«Les mafias montent en puissance» *


Ancien vice-président du groupe L’Oréal, Robert Salmon appartient à l’espèce des industriels éclairés, pour qui l’expansion économique ne peut se faire sans le souci de la préservation des choses et des êtres. Publié en 2002, l’ouvrage «21 Défis pour le XXIe siècle» témoignait déjà de cet engagement dans la réflexion prospective. Son dernier livre, «Sauver demain», est préfacé par Nicolas Hulot. Rencontre.

Le 24 juin 2002, dans ces mêmes colonnes, je vous interrogeais sur le rôle de la spéculation financière et vous me répondiez: «La bourse pousse au crime». Sept ans après, avez-vous changé d’avis?

Robert Salmon: Pas du tout: la bourse pousse au crime, plus que jamais! Les gains qu’elle permet d’obtenir sont effrayants: 150 milliards distribués aux courtiers sous forme de bonus! Non moins effarant est ce qui risque de se passer, si l’emballement boursier se poursuit au cours des trois prochains mois. Comme il succède à une très grave crise, rien ne dit, en effet, que la consommation suivra. On sera alors dans le pétrin.

C’est-à-dire?

L’argent sale prolifère, malgré ou à cause de la hausse de la bourse. Le poids de l’économie clandestine s’accroît du fait même de la crise. Les mafias montent encore en puissance. Certains pays sont carrément dans leurs mains. On parle beaucoup, dans les médias, des paradis fiscaux, mais c’est du pipeau, à côté du vrai problème que constitue le recyclage de l’argent du crime. Ce dernier s’investit dans des sociétés honorables avec la complaisance des gouvernements. Personne n’ose en parler.

Quelles devraient être les priorités des gouvernements, à votre avis?

Le problème numéro un est sans conteste l’explosion démographique. Nous nous acheminons vers une raréfaction alimentaire déjà constatée dans certaines régions du Sud. Un deuxième souci est le réchauffement climatique. A terme, 30% des régions côtières sont menacées. Nous devons donc réinventer une nouvelle manière de vivre, de penser. Il faudra aussi apprendre à partager. Cela implique une coopération croissante entre les gouvernements. A cet égard, je pense que la transformation du G8 en G20 est un pas dans la bonne direction.

La presse traverse une grave crise. A-t-elle aussi un rôle à jouer?

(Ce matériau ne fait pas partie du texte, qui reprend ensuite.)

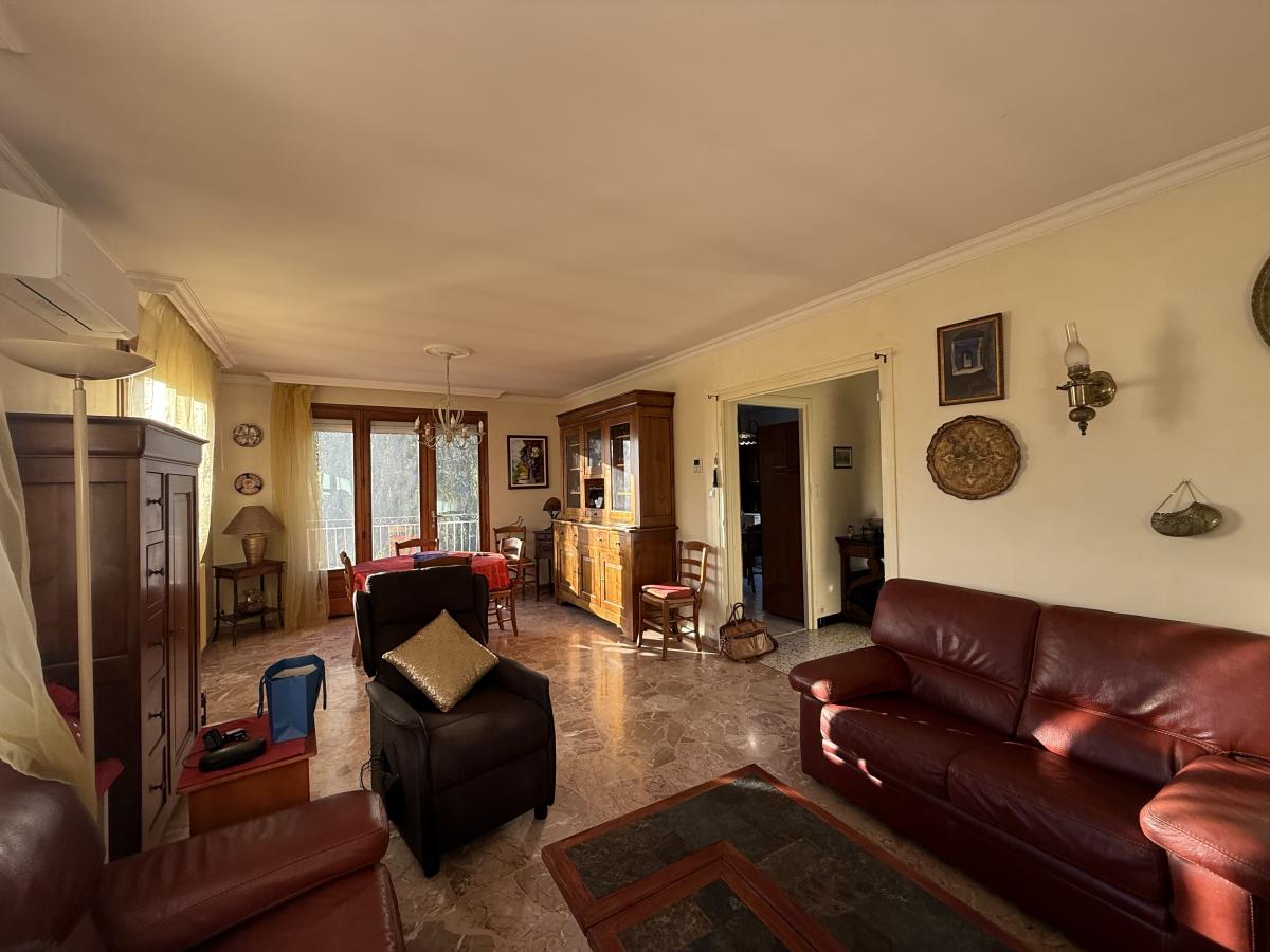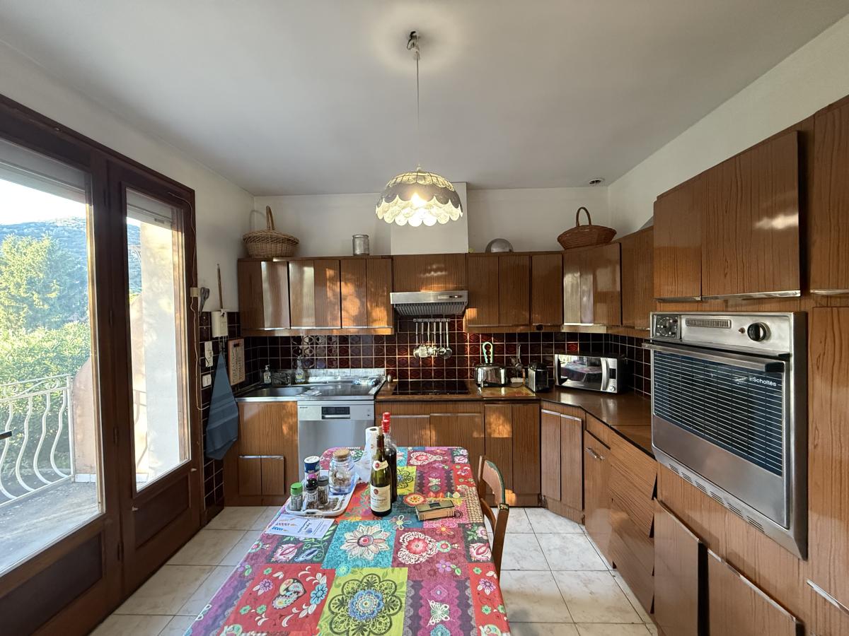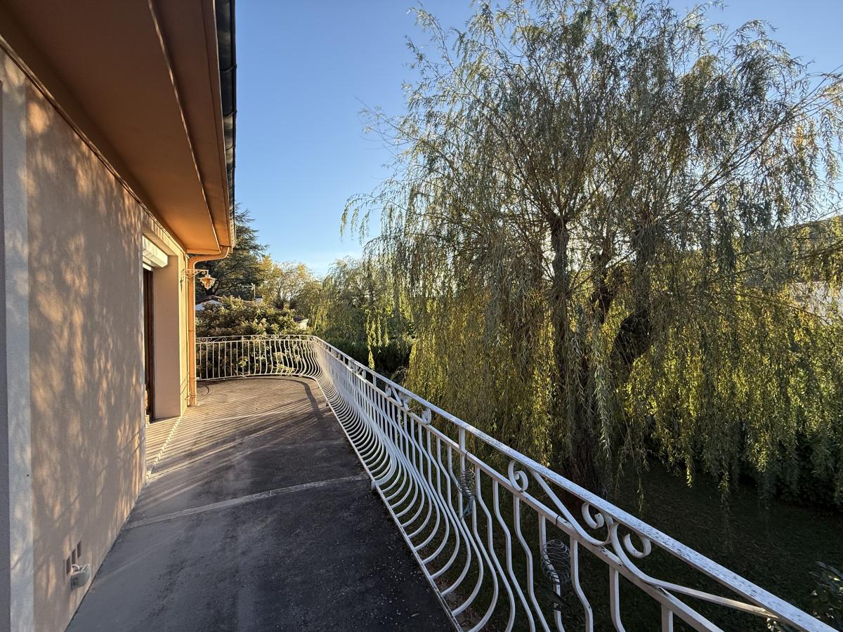 A l'étage on retrouve un salon-séjour climatisé exposé Sud-Ouest et une cuisine indépendante donnant accès directement au balcon.

Absolument. Mais les schémas de l’information doivent être révisés de fond en comble. Un ouvrage de Dan Tapscott explique le comportement des enfants du Net. Ils vivent sur une autre planète que leurs aînés. Ils achètent autrement. Ils ne lisent plus de journaux, ne regardent plus la TV. Tout se passe sur le Web. Les jeunes ont l’impression qu’ils vivront moins bien que leurs parents et se tournent vers autre chose. Quelque part, ils sont moins angoissés, même s’ils vivent dans la précarité.

Les Etats sont-ils conscients de ces nouveaux enjeux? Qui va «sauver demain»?

En France, on constate un certain effort. Des personnalités comme Nicolas Hulot, des députés européens comme Cohn-Bendit posent les bonnes questions. Qui va «sauver demain»? Je m’interroge aussi. Mon livre propose un «conseil des générations futures» disposant d’un droit de veto sur les mauvaises décisions. Un signe encourageant est le simple fait que Nicolas Sarkozy, à qui j’ai envoyé l’ouvrage, a accusé réception avec des mots qui dépassent la simple formule de politesse. Le danger est que l’égoïsme des Etats ne finisse par prendre le dessus.